# Critical Skills VISA - Change in Employer



## bhavesha (Jul 14, 2015)

Dear Forum Members,

Please clarify my query.
I have a critical VISA that is valid for 5 years, however it is linked to my current employer with whom i am working.
In future, if i wish to change employers, do i need to apply fresh for a CS VISA application or am i free to work for any employer?

Thanks in advance


----------



## joe117 (Sep 10, 2012)

Good day,

Techically you will have to apply for a new visa (and submit all the necessary documentation) so that the name of your new employer appears on your passport. 

In practice however not many people do this due to the cost, time and inconvenience associated with this process.


----------



## bhavesha (Jul 14, 2015)

Thanks Joe, however i am not sure if there are employer's willing to recruit candidates such way. In other words, Is it legal to do so?

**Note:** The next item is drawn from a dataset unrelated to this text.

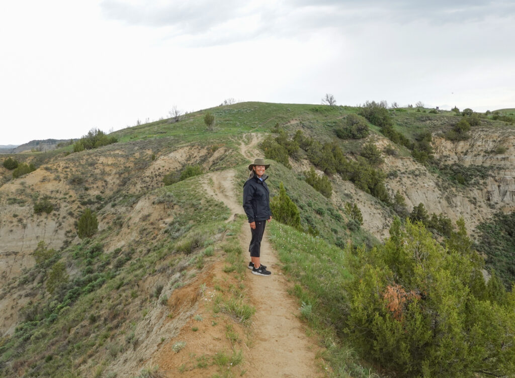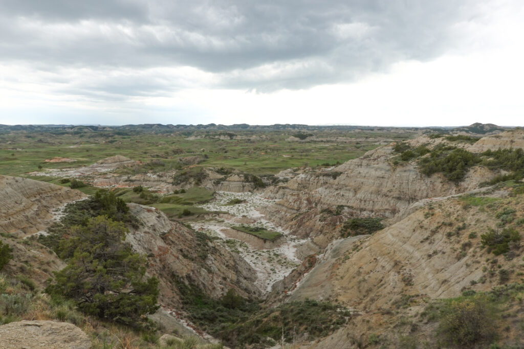 Today the weather is iffy so we opt for the visitor center and driving the scenic loop road (except part of the loop is closed so it will be an out and back drive!). It ends up being a great day! The video in the visitor center is great. Theodore Roosevelt National Park is a habitat for bison, elk and prairie dogs. It is comprised of 3 distinct sections, all linked by the Little Missouri River. The park is known for the South sections’s colorful Painted Canyon. Along the loop road/trail there are pull outs for views that allow us to get a good feel for the park. The loop trail is very picturesque. We see some bison and lots of prairie dogs. When finished we get back to camp and get the propane fire pit going for a bit of time before we head inside for dinner. It pours all night and we think we may have to cancel our plan to hike for tomorrow 🙁

I searched whole of internet and couldn't get a checklist of documents needed for "Change in Existing conditions" for critical skills VISA...I think this is the condition i must apply my VISA for..

Cheers


----------



## bhavesha (Jul 14, 2015)

@ LegalMan & Experts,

Can you please throw some light on my situation?

Thanks!


----------



## ravi0917 (May 22, 2015)

*Change of Employer - Critical Skills VISA*

Hi,
I am in the same situation. I got critical skills permit for 5 years with employer name on VISA and want to move to other company. Can i apply for other companies using my current critical skills visa. 
DHA introduced critical skills VISA in place of Quota Permt + Exceptional Skills Permit.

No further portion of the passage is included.